Stop debating whether it matters. See if you appear in ChatGPT. See if your competitors appear. Start collecting data.
Lily: Create original research, then amplify it everywhere
"Creating original ideas and original research, but also supplementing that with cross-platform multimodal amplification of your content."
She admitted she's guilty of this herself: "I speak at a conference with original research and then I don't do anything with that deck. But there's a million different ways you can take that information and put it out there on all the different platforms - make a video, make audio, all of that."
Don't let your research sit as a single conference talk or blog post. Turn it into video, audio, social posts, infographics. Amplify it across every platform.

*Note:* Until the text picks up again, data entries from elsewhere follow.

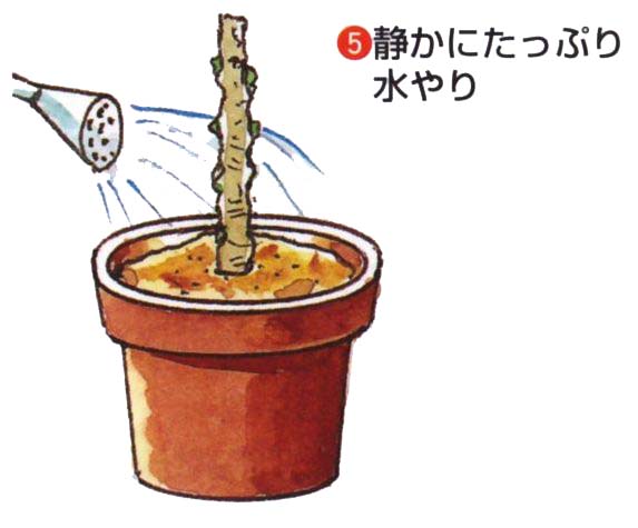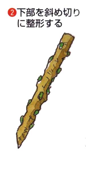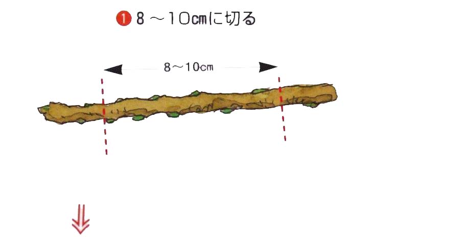 冬季に剪定した1年枝で、節間がつまった充実している枝を貯蔵しておき、3月上〜中旬にさし木します。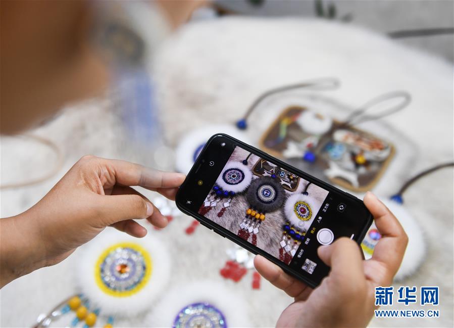 在内蒙古自治区鄂温克族自治旗巴彦托海镇太阳花传承发展中心,艾吉玛在拍摄手工艺品照片(8月7日摄)。新华社记者刘磊摄。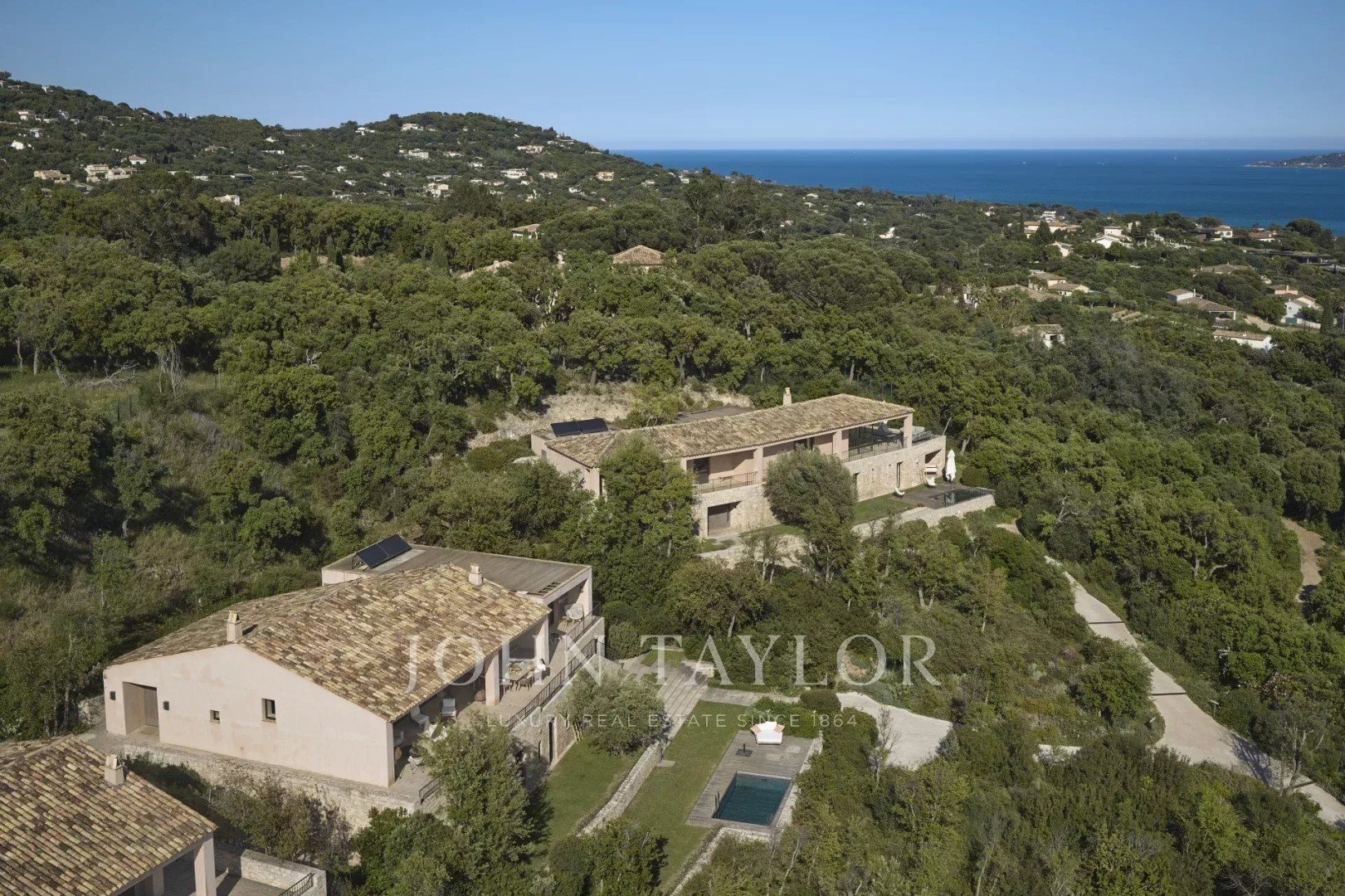 Situé sur les hauteurs de Grimaud, ce splendide domaine est l’endroit idéal pour des vacances en famille. Il se compose de quatre grandes maisons principales, de deux cabanons, d’une maison annexe et d’un vaste pool house entièrement équipé. Découvrez la possibilité de louer deux maisons au sein de ce prestigieux domaine. Parmi les options disponibles : La Maison La Ferme Rez-de-chaussée : Un vaste séjour, une cuisine entièrement équipée, un coin repas, une buanderie avec cave à vin et un cellier. Premier étage : Quatre chambres avec vue sur mer, chacune équipée d’un lit queen-size (trois peuvent être convertis en lits jumeaux), d’une salle de bains privative et de toilettes séparées. Annexe de La Ferme De plain-pied, cet espace comprend : un séjour avec télévision ouvrant sur une terrasse extérieure avec coin repas et une piscine de 6 mètres à fond mobile. Deux chambres avec vue sur mer, équipées chacune de deux lits queen-size (convertibles en lits jumeaux), une salle de bains avec douche et des toilettes adaptées aux personnes à mobilité réduite. La Maison Carbonnelle Rez-de-chaussée : Quatre chambres avec salle de douche privative, une buanderie et des toilettes séparées. Premier étage : Un salon avec coin repas, un second salon avec grande télévision, une cuisine, une buanderie avec cave à vin. Une suite parentale avec salle de bains privative (baignoire et douche), toilettes séparées, ainsi qu’un bureau spacieux avec terrasse privée et vue mer. Tous les lits mesurent 160 cm et sont convertibles en lits jumeaux. Le Cabanon Bleu & Le Cabanon Rose Ces charmants logements partagent plusieurs terrasses communes ainsi qu’une piscine de 6 mètres à fond mobile. Le Cabanon Bleu : Deux chambres, une salle de douche séparée et des toilettes indépendantes. Le Cabanon Rose : Une chambre avec salle de douche et toilettes privatives. Toutes les chambres sont équipées d’un lit de 160 cm convertible en lits jumeaux. Maison Terre Brune Rez-de-chaussée : Cinq chambres avec salle de bains privative, dont deux équipées de lits king-size, plusieurs toilettes privatives ou partagées, des toilettes invités et une buanderie. Premier étage : Un grand salon avec télévision, un séjour avec coin repas, une cuisine entièrement équipée et une buanderie. À ce niveau se trouve également la chambre principale avec salle de bains privative (baignoire et douche), toilettes séparées, un bureau spacieux avec lit d’appoint et télévision, ainsi qu’un accès à une terrasse privée avec vue sur mer. La villa dispose également d’une piscine de 6 mètres à fond mobile et de deux terrasses. Tous les lits peuvent être convertis en lits jumeaux. Maison Solsequia Rez-de-chaussée : Quatre chambres (lits 160 cm, convertibles en lits jumeaux), chacune avec salle de bains privative, dont une adaptée aux personnes à mobilité réduite, ainsi que plusieurs toilettes. Premier étage : Un vaste séjour avec télévision, un séjour avec coin repas et vue sur mer, une cuisine entièrement équipée, une buanderie et une élégante verrière intérieure. La suite parentale bénéficie de deux salles de bains (l’une avec baignoire, l’autre avec douche et Wc séparés), d’un bureau attenant et d’un accès à une terrasse privée avec vue mer. La villa dispose également d’une piscine de 6 mètres à fond mobile et de deux terrasses. Le Pool House Un espace exceptionnel de 150 m² dédié à la détente, composé : d’un grand séjour avec coin repas, d’un salon modulable, d’une cuisine et d’une buanderie, de vestiaires avec douches et WC. Profitez également : d’une piscine chauffée de 20 mètres, d’une terrasse sur le toit offrant une vue imprenable sur la mer, de plusieurs terrasses aménagées avec mobilier de jardin, plancha et four à bois, d’une salle de loisirs avec baby-foot, table de ping-pong et enceintes Bluetooth Sonos. Toutes les villas sont équipées de la climatisation et du Wi-Fi.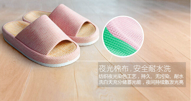 這款鞋子,采用夜光棉布,白天可以儲存光能,到了晚上能開啟柔和的亮光,這種光線非常柔和,不會影響你睡眠,還能夠讓你半夜起來,一眼看見拖鞋在哪。
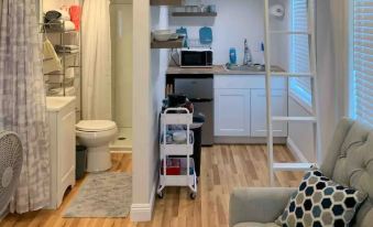 Our tiny house includes a small kitchenette with a mini refrigerator, microwave, sink for washing dishes, toaster, coffee machine, cups, plates, utensils and bbq supplies. THERE IS NO STOVE OR FREEZER! The bathroom is stocked with a toilet, shower, sink and medicine cabinet. Shampoo, conditioner, body wash is available as well as hand soap and fresh towels. This tiny house is a “bunkhouse” style meaning the queen mattress is located over the kitchen and bathroom. You must be able to climb a ladder to get to this bed. There is a trundle bed on the ground level in the living room. Enjoy TV with free streaming services of Netflix. Please choose “guest” account. To access other streaming services, please log into your personal accounts. Our tiny home does have a portable air conditioning unit that will be turned on prior to your arrival. Private parking on the property will always be available. No need to park on the streets.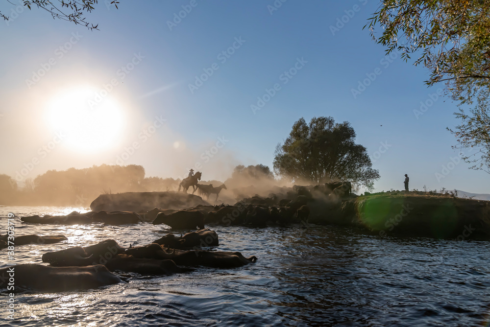 wild buffalos in lake Erciyes Mountain Kayseri, Turkey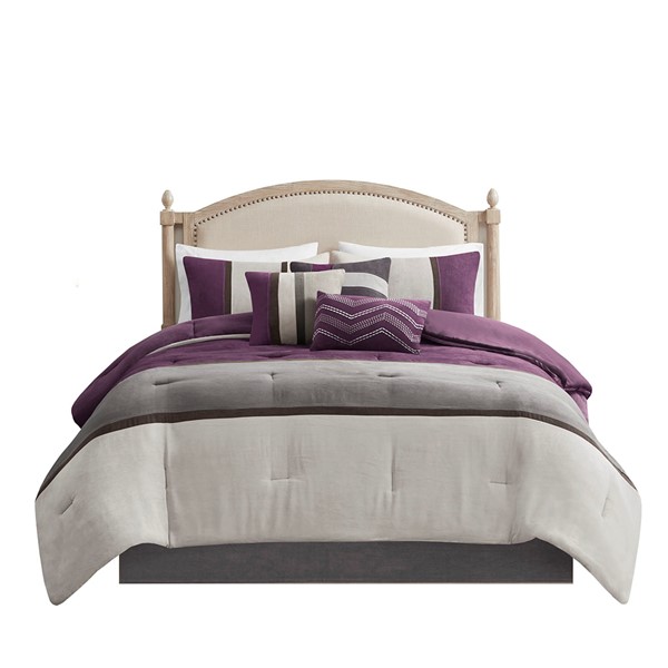 The Madison Park 7 Piece Palisades Comforter Set offers you a casual alternative in fashion bedding. The reverse of the comforter is solid purple. The soft microsuede in heather grey, purple and charcoal grey is pieced together to create this beautiful bed. The decorative pillows are embroidered and pieced to add a decorative element to this simple, yet beautiful bedding collection. With hypoallergenic filling in the comforter and pillows, this stylish comforter set easily refreshes your bedroom decor and is machine washable for easy care. Items in the set may come in a rolled or compressed packaging, which will need to be fluffed up or steam ironed before use to remove wrinkles.

Ethan: Run experiments and talk to people who've done them
Ethan's advice was straightforward: run experiments, because we're still figuring this out. But since you can't test everything yourself, learn from people who already have.
The key? Get specific details, not vague advice.
As Ethan put it: "There are lots of smart people who haven't published these findings. The information is in their head. Go find them, have lunch or get drinks with them, and ask them to walk you through all of their experiments in very specific detail."
His approach: gather insights from as many experienced practitioners as possible. Then share your own results back with the community.
My Takeaways
The reciprocal mentions pattern was the biggest revelation for me. When Otter mentions Zoom and Zoom mentions Otter, LLMs cite both more confidently. It's like they need mutual confirmation - not just one brand making claims, but two brands validating the relationship. This opens up all kinds of experiment possibilities.
People are using LLMs differently than we expected. Most still think of AI search as information discovery, which makes sense given how we approached traditional SEO. But people now use ChatGPT to make final purchase decisions - comparing insurance offers, analyzing proposals, choosing between brands. You need to show up at two critical moments: when someone asks "What are my options?" and when they ask "Should I choose Brand A or Brand B?"
Meanwhile, companies like Google are running multiple competing products - Gemini, AI Overviews, AI Mode - all at full scale simultaneously. Which led me to an interesting realization: the real competition might not be Google vs. ChatGPT. It might be traditional search vs. AI search - which means Google and ChatGPT could end up on the same side.
They're both trying to change how people find information. Their common enemy is the status quo.
Will platforms shut down the manipulative tactics we discussed earlier? I hope so, but history suggests otherwise. SEO has always been a cat-and-mouse game - exploit the algorithm, wait for the patch, find a new exploit. AI search will be no different.